Another form the Ketogenic Diet is the Whals Paleo Plus protocol developed by Dr. Terry Wahls. She follows this protocol herself to reverse Multiple Sclerosis (MS). Her method is far more nutrient-dense, to include a wide variety of vegetables. Again, her purposes are for a neurological disease, not for weight loss. You can read more about her research and protocol in her book The Wahls Protocol and on her website.
Long-term adherence to a ketogenic diet can have the following negative impacts on health
- Kidney stones
- High cholesterol levels in the blood
- Slowed growth or weight gain
- Bone fractures
- Gut dysbiosis (overgrowth of unhealthy bacteria resulting in IBS symptoms)
- Vitamin/mineral deficiencies
Some of these side effects can be reduced by being “smart” with food choices. This requires adequate fluid intake (min of ½ body weight in oz of water per day) to help prevent dehydration and kidney stones. Bone fractures can be a result of osteoporosis from poor calcium intake/malabsorption and low vitamin D intake. A diet high in fat and low in carbs also limits very nutrient-dense fruits and starchier vegetables. This doesn’t provide a balanced diet and for that reason, supplementation is necessary.
Chronically low intake of carbohydrates can have a negative impact on gut flora.
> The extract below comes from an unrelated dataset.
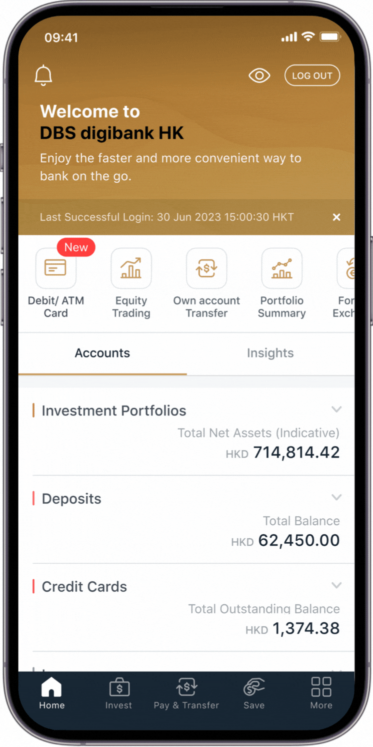 Simply apply via DBS digibank HK. Your application will be handled instantly wherever you are.

According to Paul Jaminet, PhD and author of The Perfect Health Diet, he explains that “a ketogenic diet is more likely to cause autoimmune disease than cure it, due to the depletion of the mucus layer of the intestine, which puts bacteria directly into contact with immune cells.” He further explains that “carbohydrates are necessary to maintain this protective mucus layer.” I want to point out that these are healthy carbohydrate sources such as sweet potatoes, whole grains, beans and legumes, starchy veggies and fruits—not pasta, cereal, etc.
If you have thyroid problems, the Ketogenic diet is not recommended, nor is a very low carbohydrate diet. According to Kris Kresser, MS, L.Ac, we need insulin in order to convert inactive T4 intro the active T3 hormone. Insulin levels tend to be very low when following a low carbohydrate diet. Moderate carbohydrate intake is generally recommended for those with thyroid issues. This doesn’t mean excessive consumption, but about 30-40% carbohydrate intake.
Other factors that might increase your carbohydrate needs include:
High activity level, especially with a focus on frequent, high-intensity based workouts
- Poor recovery from workouts
- Adrenal fatigue
- Amenorrhea (loss of period) or have irregular cycles (pre-menopause)
- During pregnancy and while breastfeeding
Females tend to be more sensitive to lower carbohydrate diets, as it can have negative impacts on hormone health and fertility. To read more, check out this article by Stephanie Greunke, RD.
If you have a neurological disorder, seek out the assistance of a Registered Dietitian to help guide you through the process. If you don’t have epilepsy or another neurological disorder, I would not recommend implementing a ketogenic diet. It provides more risks than benefits, due to the low nutrient diversity.
There has been other research to support the benefits of a lower carbohydrate diet on diabetes, PCOS and insulin resistance, but this doesn’t require fully adopting a Ketogenic Diet. Paleo (low to moderate carb or 20-40% total intake) tends to work just fine.